This section compares IGRP with RIP. This comparison is useful because RIP is used widely for purposes similar to IGRP. However, doing this is not entirely fair. RIP was not intended to meet all of the same goals as IGRP. RIP was intended for use in small networks with reasonably uniform technology. In such applications it is generally adequate.

The most basic difference between IGRP and RIP is the structure of their metrics. Unfortunately this is not a change that can simply be retrofitted to RIP. It requires the new algorithms and data structures present in IGRP.

RIP uses a simple "hop count" metric to describe the network. Unlike IGRP, where every path is described by a delay, bandwidth, etc., in RIP it is described by a number from 1 to 15. Normally this number is used to represent how many gateways the path goes through before getting to the destination. This means that no distinction is made between a slow serial line and an Ethernet. In some implementations of RIP, it is possible for the system administrator to specify that a given hop should be counted more than once. Slow networks can be represented by a large hop count. But since the maximum is 15, this can't be done very much. E.g. if an Ethernet is represented by 1 and a 56Kb line by 3, there can be at most 5 56Kb lines in a path, or the maximum of 15 is exceeded. In order to represent the full range of available network speeds, and allow for a large network, studies done by Cisco suggest that a 24-bit metric is needed. If the maximum metric is too small, the system administrator is presented with an unpleasant choice: either he can not distinguish between fast and slow routes, or he can't fit his whole network into the limit. In fact a number of national networks are now large enough that RIP can not handle them even if every hop is counted only once. RIP simply can't be used for such networks.

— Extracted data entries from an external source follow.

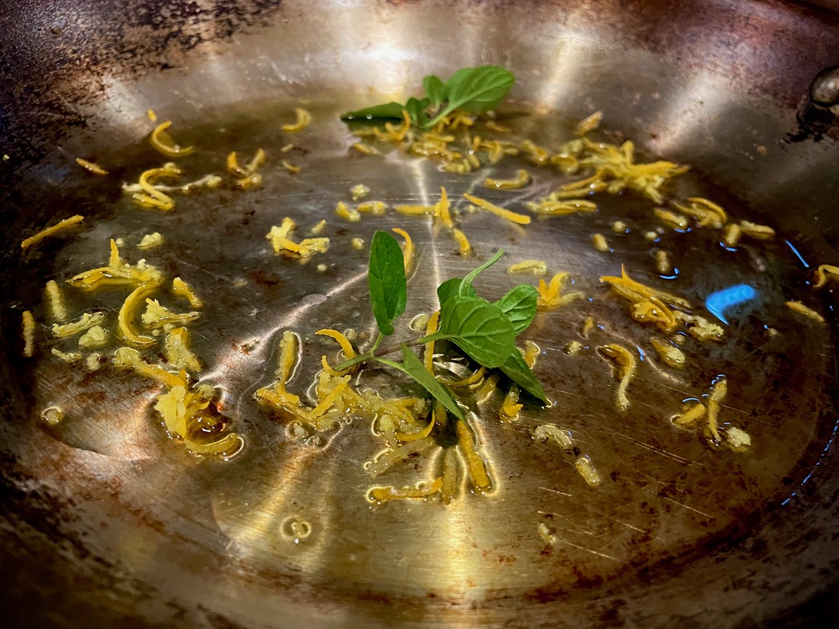 In a medium pan on low heat, infuse some olive oil with a bit of your lemon zest and some mint/basil stems. IMPORTANT: Do NOT COOK this. You are simply infusing the oil a bit as your water boils.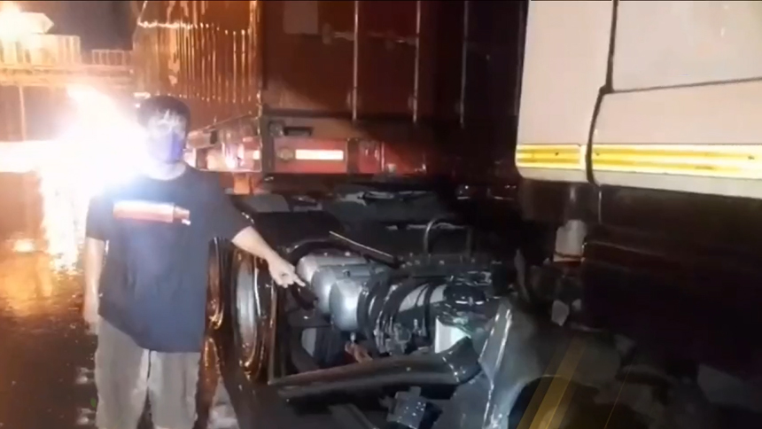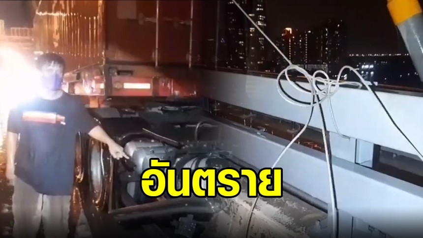 ลวดสลิงหล่นจากสะพานภูมิพล ร่วงเกี่ยว จยย. - รถบรรทุกพ่วง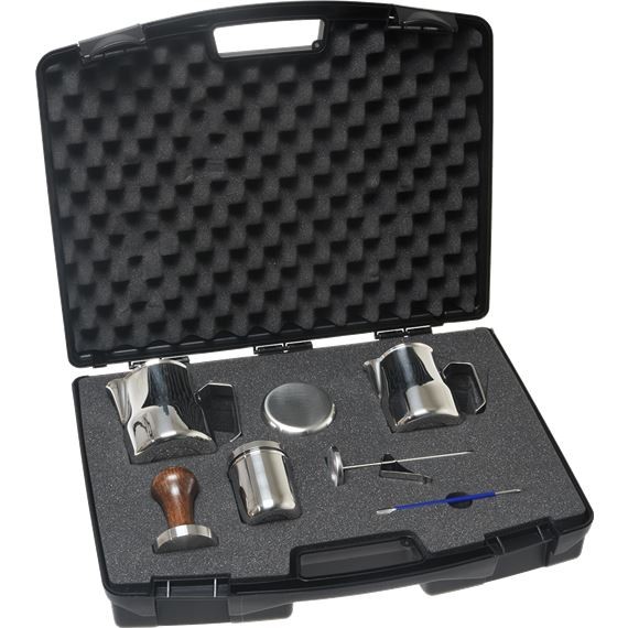 Beskrivelse Barista Kit fra Italienske MOTTA. Kit-et inneholder: 1 x Motta Melkemugge 0.35l 1 x Motta Melkemugge 0.5l 1 x Kakaoshaker (strøsselboks) 1 x Baristapenn til å tegne i melken 1 x Steamtermometer |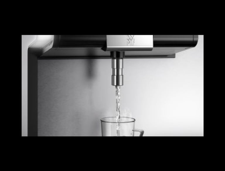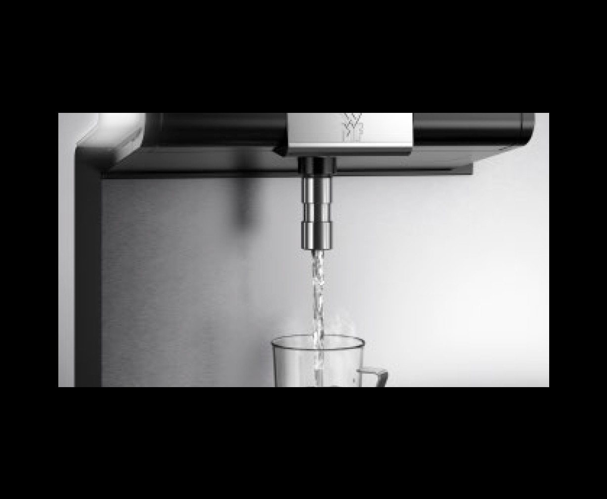 The spout below the display ensures efficient and user-friendly hot water dispensing, offering flexibility and speed, even for small quantities needed for tea or similar preparations.

The obvious response would be to modify RIP to allow a larger metric. Unfortunately, this won't work. Like all distance vector protocols, RIP has the problem of "counting to infinity". This is described in more detail in RFC 1058 . When topology changes, spurious routes will be introduced. The metrics associated with these spurious routes slowly increase until they reach 15, at which point the routes are removed. 15 is a small enough maximum that this process will converge fairly quickly, assuming that triggered updates are used. If RIP were modified to allow a 24-bit metric, loops would persist long enough for the metric to be counted up to 2**24. This is not tolerable. IGRP has features designed to prevent spurious routes from being introduced. These are discussed below in section 5.2. It is not practical to handle complex networks without introducing such features or changing to a protocol such as SPF.